Amazon researchers have published a paper revealing what they have found to be a better way to select an architecture when crafting an artificial intelligence (AI) model.
In “On the Bounds of Function Approximations,” the researchers explained that they were trying to establish a framework to better understand the computational bounds of Neural Architecture Search (NAS) in relation to its search space. During their research, they used techniques related to any computational model as long as it functioned in the same way as a Turing machine.

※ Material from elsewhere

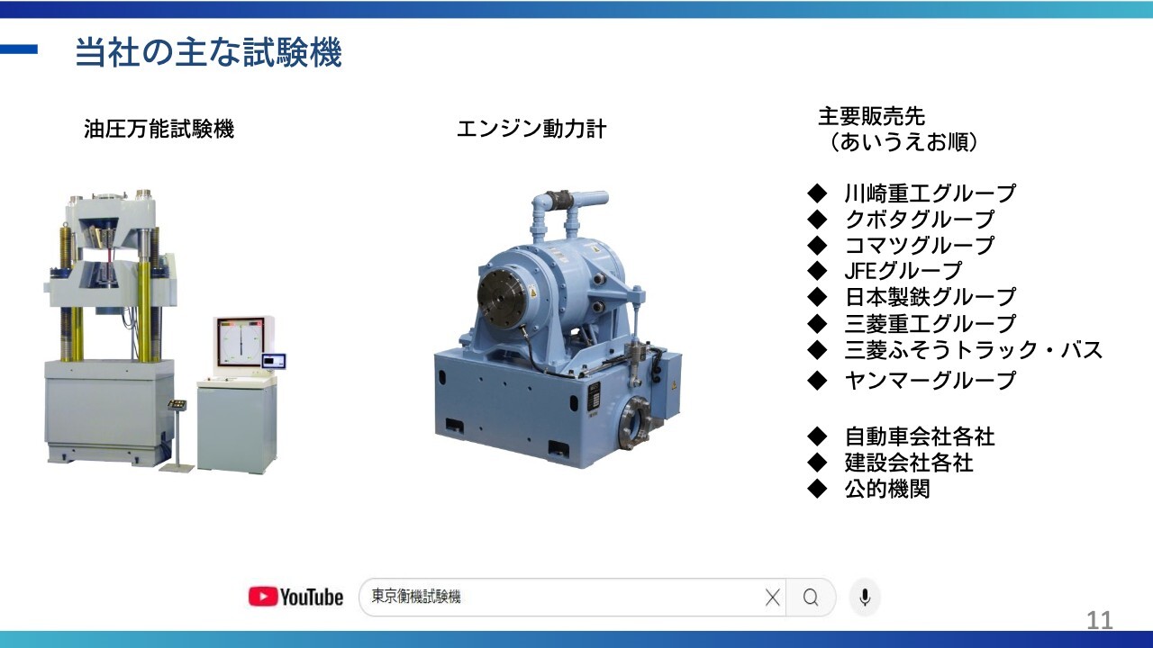 小塚:スライドには当社の主な試験機が示されています。例えば、油圧万能試験機などが挙げられます。
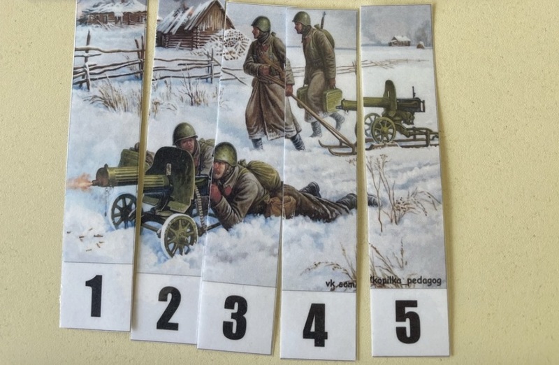 Задачи: развивать словесно-логическое мышление и внимание; умение классифицировать предметы по признакам (военные профессии, одежда, техника, оружие, медали, письма, города-герои ВОВ, животные); устанавливать причинно-следственные и логические связи; воспитывать умение играть по правилам; Воспитать уважение к защитникам Родины на основе ярких впечатлений, конкретных исторических фактов, доступных детям.

“Selection of a neural architecture is unlikely to provide the best solution to a given machine learning problem, regardless of the learning algorithm used, the architecture selected, or the tuning of training parameters such as batch size or learning rate,” said Adrian de Wynter, a research engineer with Alexa AI’s Machine Learning Platform Services organization and a lead author on the paper, according to Venture Beat. “Only by considering a vast space of possibilities can we identify an architecture that comes with theoretical guarantees on the accuracy of its computations.”
The researchers found that the best strategy involved creating tailored architectures in order to guarantee Turing equivalence. In addition, the models should be found via an automated search that uses procedures to design architectures for select tasks.
“The paper’s … immediately applicable result is the identification of genetic algorithms — and, more specifically, coevolutionary algorithms … whose performance metric depends on their interactions with each other — as the most practical way to find an optimal (or nearly optimal) architecture,” wrote Wynter. “Based on experience, many researchers have come to the conclusion that coevolutionary algorithms provide the best way to build machine learning systems. But the function-approximation framework from my paper helps provide a more secure theoretical foundation for their intuition.”